7cloud.asia – Usai sebagian gugatan praperadilannya dikabulkan Pengadilan Negeri Jakarta Selatan, tersangka kasus tudingan ijazah palsu Jokowi (mantan presiden Joko Widodo), Roy Suryo mengajukan praperadilan kedua di tempat yang sama.
Seperti diberitakan, Hakim Tunggal Pengadilan Negeri (PN) Jakarta Selatan mengabulkan sebagian gugatan praperadilan yang diajukan Roy Suryo terkait kasus tudingan ijazah palsu Jokowi, Selasa (7/7/2026).
“Mengabulkan gugatan Pemohon untuk sebagian,” kata Hakim I Ketut Darpawan saat membacakan putusan di PN Jakarta Selatan, Selasa.
Hakim mengabulkan permohonan Roy Suryo terkait keabsahan upaya paksa yang dilakukan penyidik dalam melakukan penangkapan, penggeledahan, dan penahanan terhadap Roy.
Dalam pertimbangannya, hakim menilai Roy Suryo tidak menunjukkan indikasi akan melarikan diri, menghilangkan barang bukti, maupun menghambat proses penyidikan.
Baca: Roy Suryo dan Dokter Tifa Siap Hadapi Persidangan
Dengan keputusan ini maka penangkapan Roy Suryo terkait kasus tudingan ijazah palsu Jokowi dinyatakan tidak sah.
Menurut kuasa hukum Roy Suryo, Refly Harun, dalam persidangan hari ini hakim juga memastikan Roy Suryo adalah orang yang patuh, kooperatif, dan melakukan wajib lapor sesuai perjanjian dengan penyidik Polda Metro Jaya.
“Sehingga yang mencederai janji itu bukan Mas Roy, tetapi penyidik sendiri yang menangkap tiba-tiba, yang menahan tiba-tiba tanpa alasan yang bisa dibenarkan,” ucapnya.

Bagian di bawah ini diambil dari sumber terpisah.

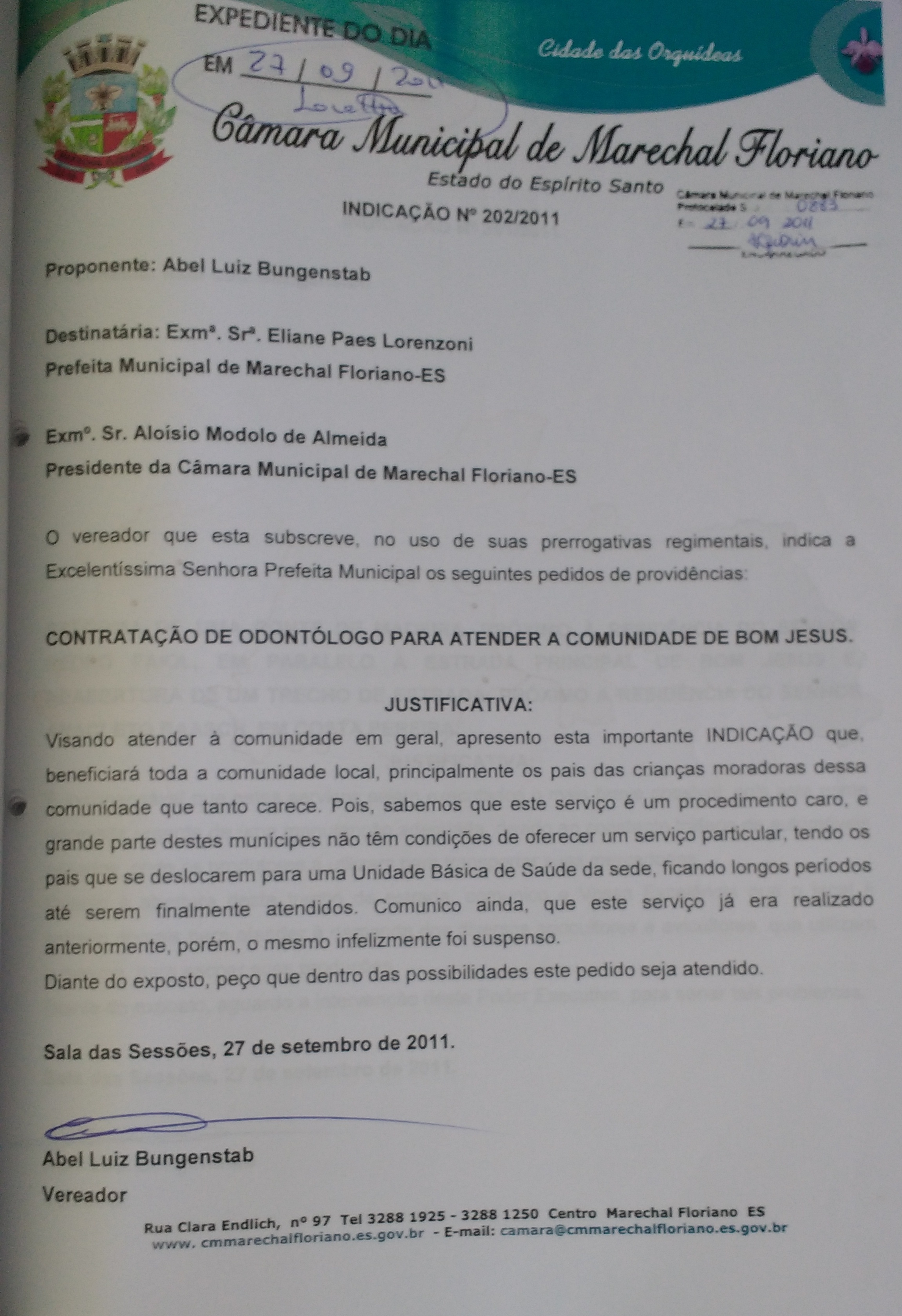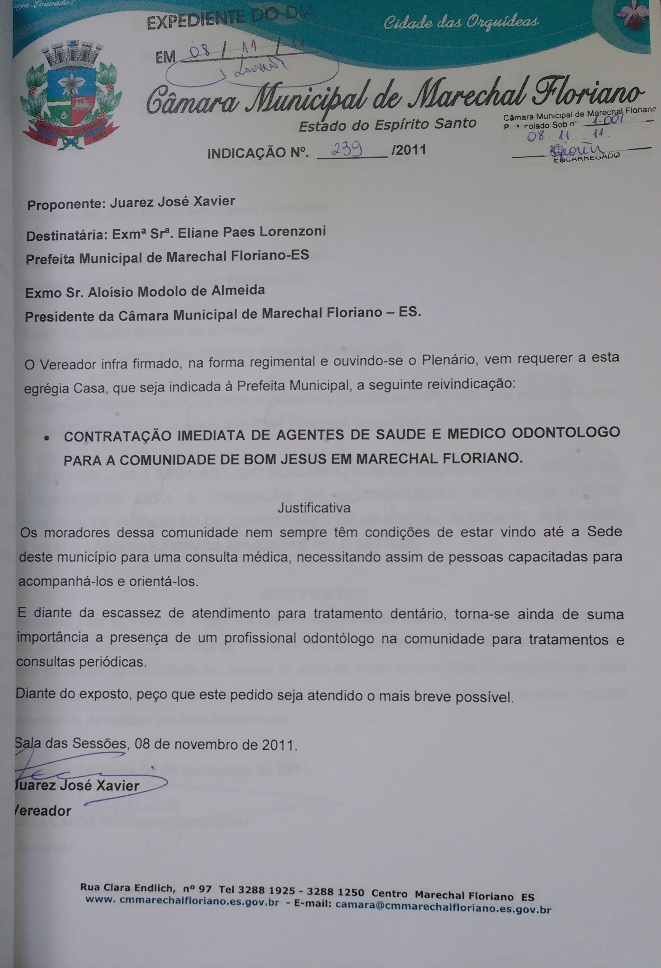 Ementa: CONTRATAÇÃO IMEDIATA DE AGENTES DE SAÚDE E MEDICO ODONTÓLOGO PARA A COMUNIDADE DE BOM JESUS EM MARECHAL FLORIANO.
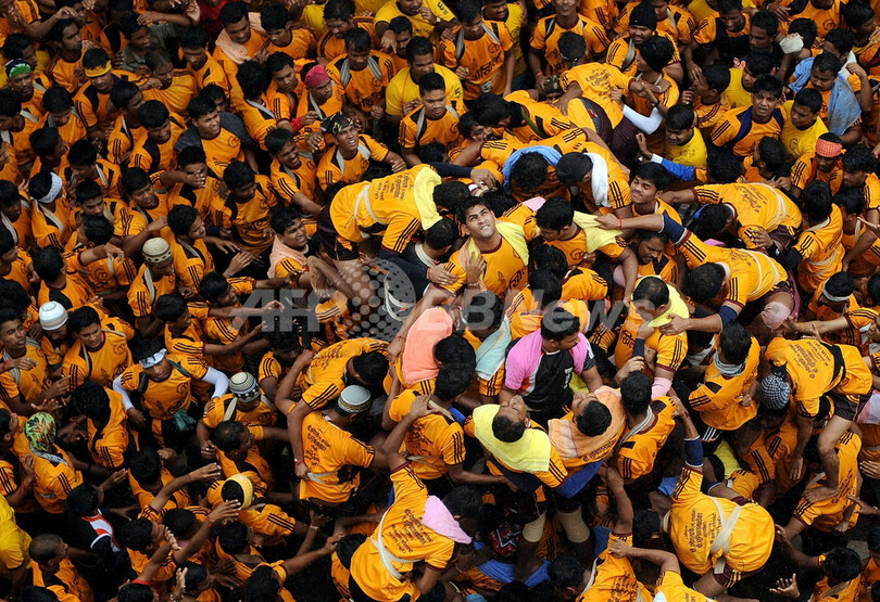 ニュース ライフ こぼれ話 クリシュナ神を祝うジャンマシュタミ祭、圧巻の人間ピラミッド インド 2012年8月11日 17:30 発信地:ムンバイ/インド [ アジア・オセアニア インド ] このニュースをシェア ‹ › ❮ 7/10 ❯ インドのムンバイ(Mumbai)で10日、ヒンズー教のクリシュナ神の生誕を祝う祭り「ジャンマシュタミ(Janmashtami)」が行われた。祭りのハイライトは、ヒンズー教徒の男たちによる人間ピラミッドだ。空中に高く吊るされたダヒハンディと呼ばれるつぼに達する人間ピラミッドを組み、このつぼを割れば参加者に賞金が与えられる(2012年8月10日撮影)。(c)AFP/Punit PARANJPE 画像作成中 ! 【8月11日 AFP】インドのムンバイ(Mumbai)で10日、ヒンズー教のクリシュナ神の生誕を祝う祭り「ジャンマシュタミ(Janmashtami)」が行われた。祭りのハイライトは、ヒンズー教徒の男たちによる人間ピラミッドだ。空中に高く吊るされたダヒハンディと呼ばれるつぼに達する人間ピラミッドを組み、このつぼを割れば参加者に賞金が与えられる。(c)AFP ライフ 一覧へ> メディア・報道関係・法人の方向け 写真・動画 購入のお問合せ>
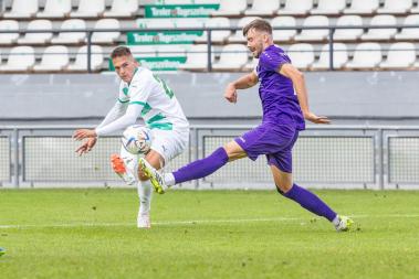 Und unsere Burschen erwischten einen Traumstart in die Partie: Nach einer dominanten Anfangsphase war es der von der Profiabteilung abgestellte Justin Forst, der nach zehn Spielminuten eine mustergültige Hupfauf-Vorlage zur 1:0-Führung im Kasten der Gäste unterbringen konnte. In der Folge nahmen allerdings die Violetten aus Innsbruck das Heft des Handelns in die Hand, die Mannschaft von Cheftrainer Manuel Ludwiger konnte aber mit etwas Spielglück die Führung zum Pausentee mitnehmen.
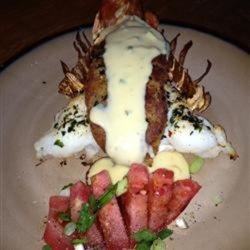 3In a saucepan over medium heat, combine the cream of shrimp soup, milk and cheese. Cook and stir until cheese has melted. Pour over the stuffed lobster tails. Top with any stuffing mixture that you may have left over.
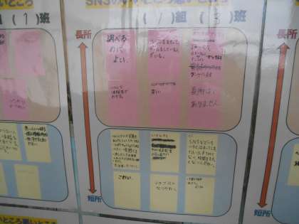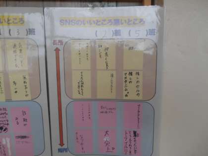 SNS上でのトラブルが大きな事件にもなっています。北条中も例外ではありません。大きな事件が起こる前にSNSの使い方について考える時間をもちました。便利なところと危険なところについて紙に書いて見ました。
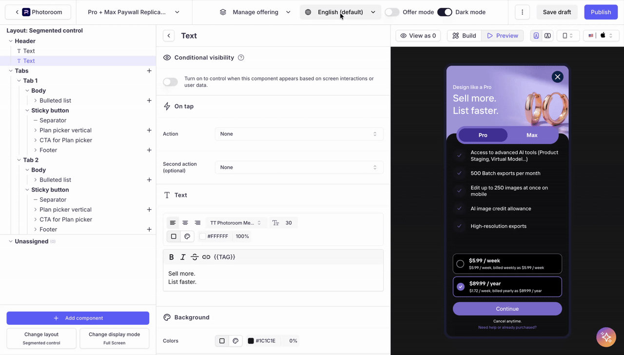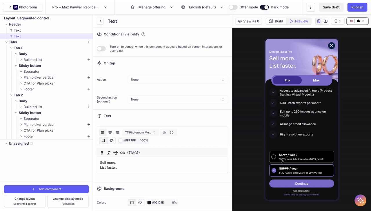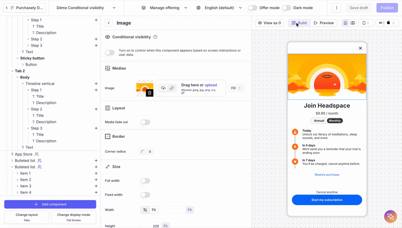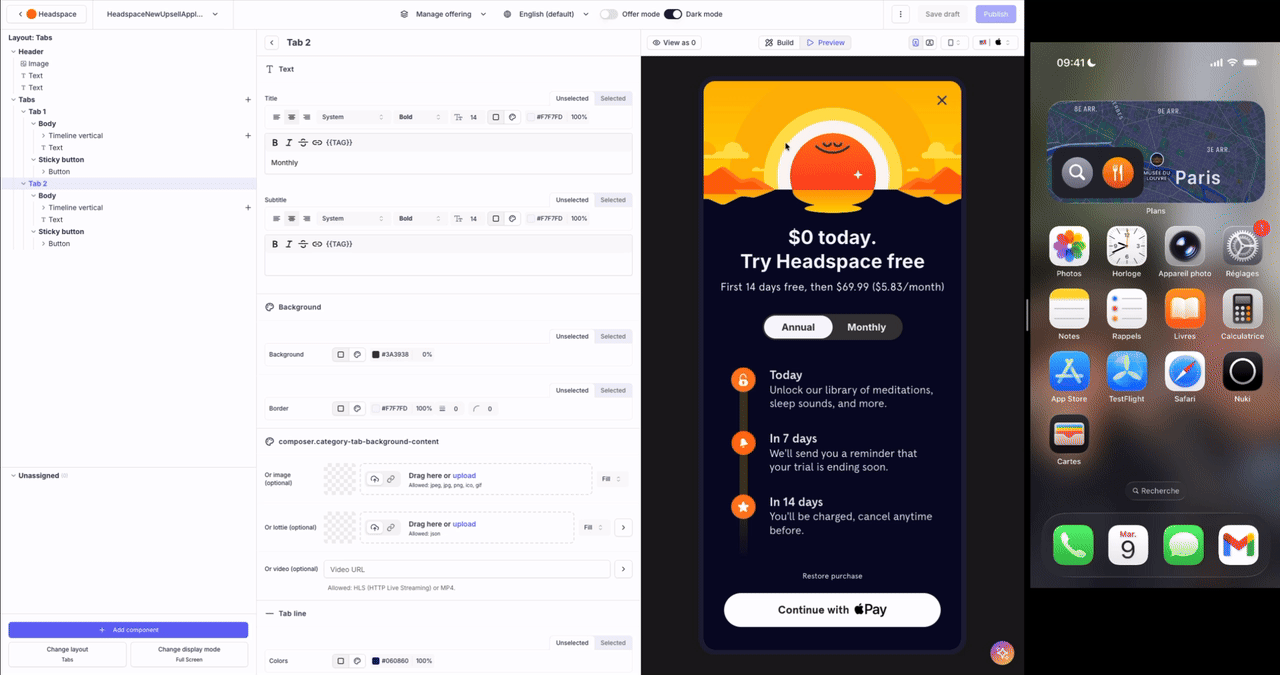 The Preview feature lets you validate how a Screen will look and behave before exposing it to end users. Purchasely provides two complementary preview mechanisms:
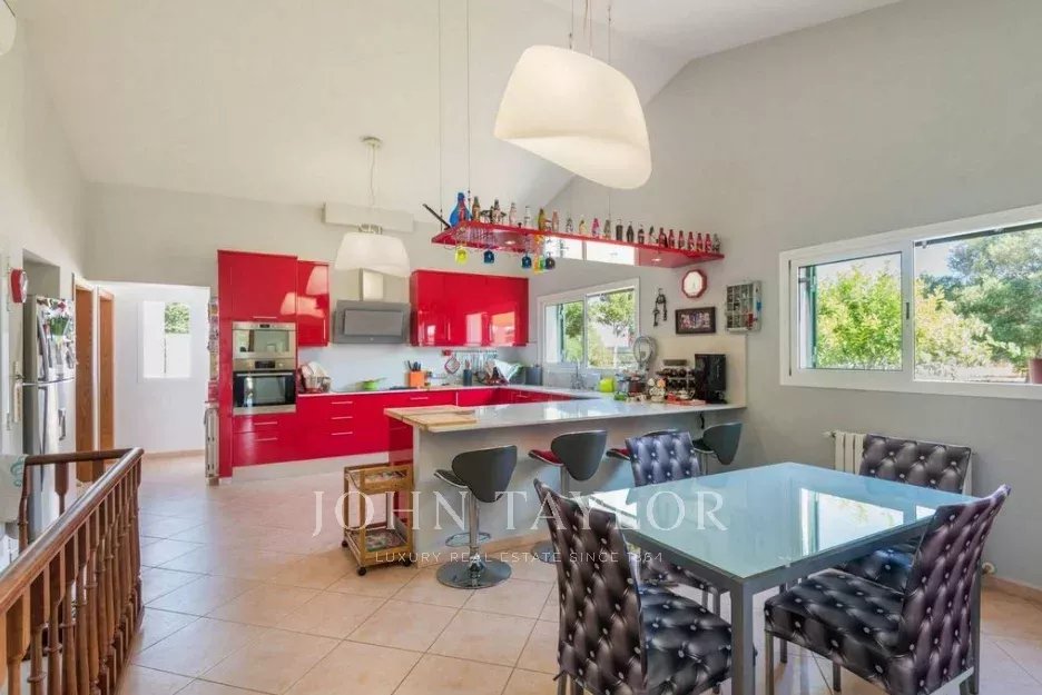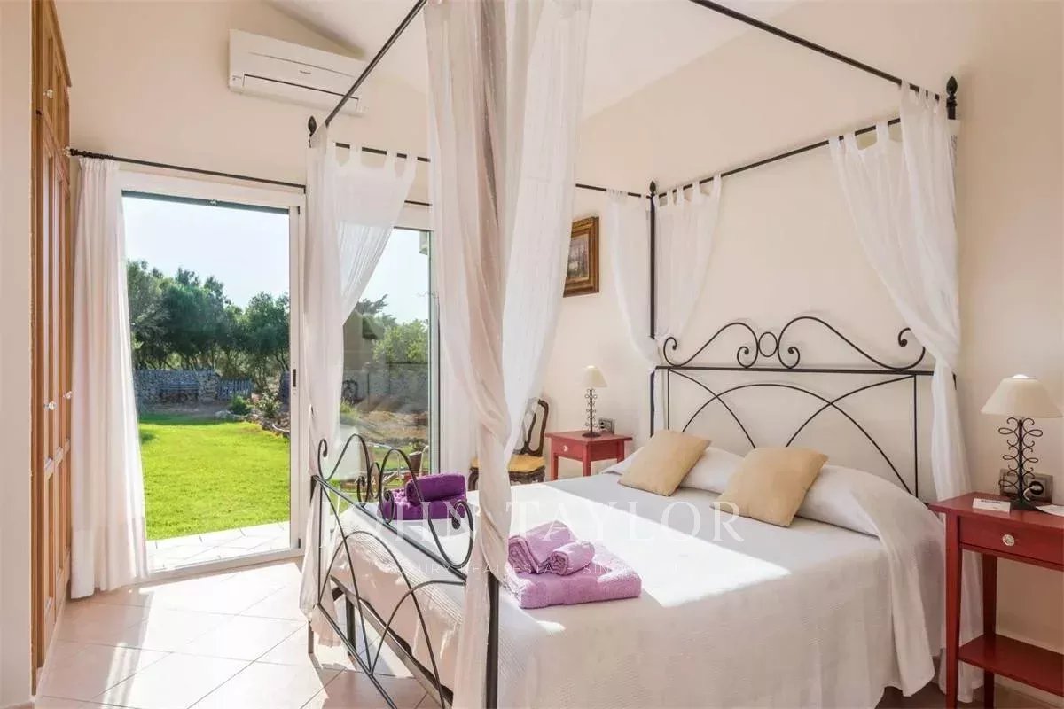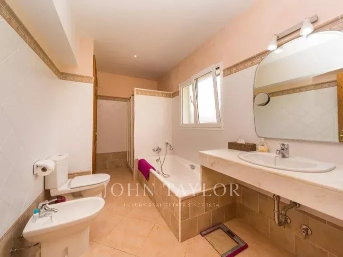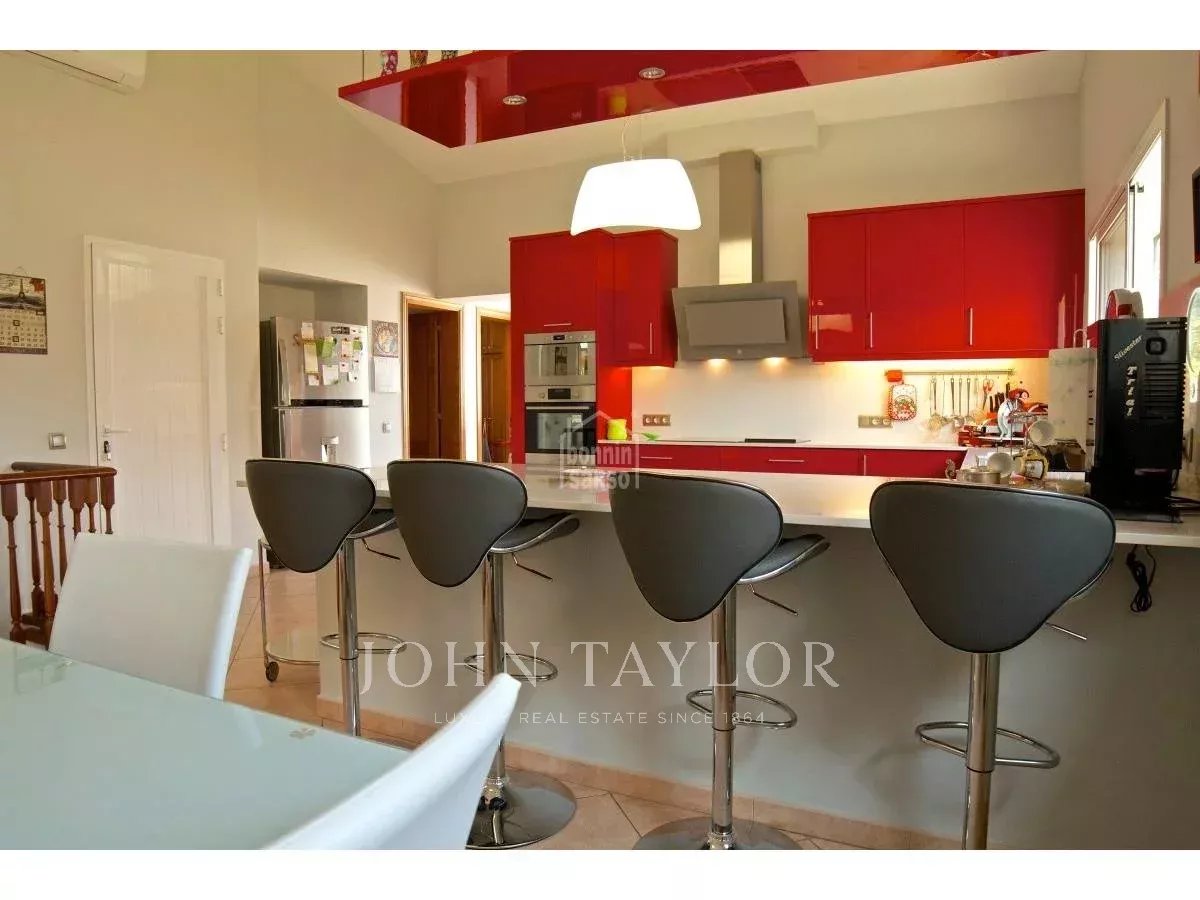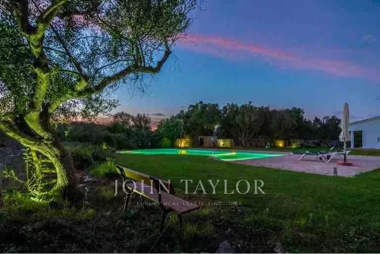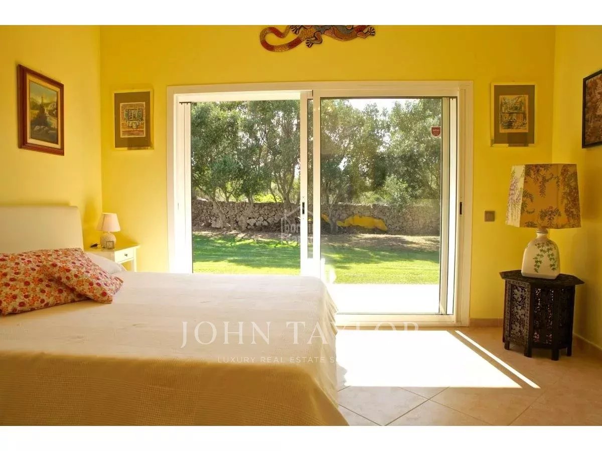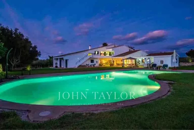 Esta espectacular casa tiene un estilo atemporal, con espacios amplios, luminosos y abiertos. Se encuentra en Trebeluger, cerca de los pueblos de Sant Lluis y Es Castell y de las playas de la costa sur, totalmente inmersa en el campo; en plena naturaleza menorquina. Rodeada de una parcela de 19.535 m2 que la mantiene fuera de la vista, la propiedad ofrece un total de siete dormitorios dobles, todos con armarios empotrados, cuatro de ellos en suite, seis baños, un aseo de invitados, un gran salón con chimenea, un amplio comedor y una espaciosa cocina con despensa y bodega. Dos master suites en la primera planta ofrecen espectaculares vistas del Talaiot Trebalúger. La propiedad tiene un anexo con dormitorio y baño para el personal y un amplio garaje para cuatro coches.

Dia mengatakan sidang perdana perkara praperadilan kedua itu akan digelar pada Jumat, 10 Juli 2026. Dalam sidang perdana nanti, beragendakan pembacaan permohonan.
“Ini tidak bermaksud untuk menghambat pokok perkara, karena praperadilan ini adalah hak yang diberikan oleh undang-undang kepada tersangka,” kata Refly di PN Jaksel, Selasa (7/7/2026) seperti dipantau dari KompasTV.
Baca: Polda Metro Jaya Limpahkan Kasus Tudingan Ijazah Palsu Jokowi ke Kejaksaan
Refly menjelaskan pengajuan praperadilan yang kedua untuk menguji Pasal 32 Undang-Undang Informasi dan Transaksi Elektronik (UU ITE) yang dikenakan terhadap kliennya.
Refly menilai pasal tersebut merupakan pasal selundupan untuk menjadi daya tawar penyidik Polda Metro Jaya agar bisa menahan kliennya sewaktu-waktu.
Menurutnya, penggunaan Pasal 32 UU ITE tidak disertai fakta dan peristiwa yang sesungguhnya, juga tidak disertai dua alat bukti yang cukup.
Ditilik dari Sistem Informasi Penelusuran Perkara (SIPP) PN Jaksel, permohonan praperadilan kedua yang diajukan Roy Suryo itu teregistrasi dengan nomor 108/Pid.Pra/2026/PN JKT.SEL.
Klasifikasi perkaranya adalah sah atau tidaknya pelaksanaan upaya paksa penetapan tersangka.
Termohon dalam perkara tersebut: 1) Kapolda Metro Jaya cq Dirreskrimum Polda Metro Jaya cq Kasubdit Kamneg cq Tim Penyidik; 2) Kejati DKI Jakarta cq Aspidum Kejati DKI Jakarta cq Kejari Jakarta Selatan cq Tim Jaksa Penuntut Umum (JPU).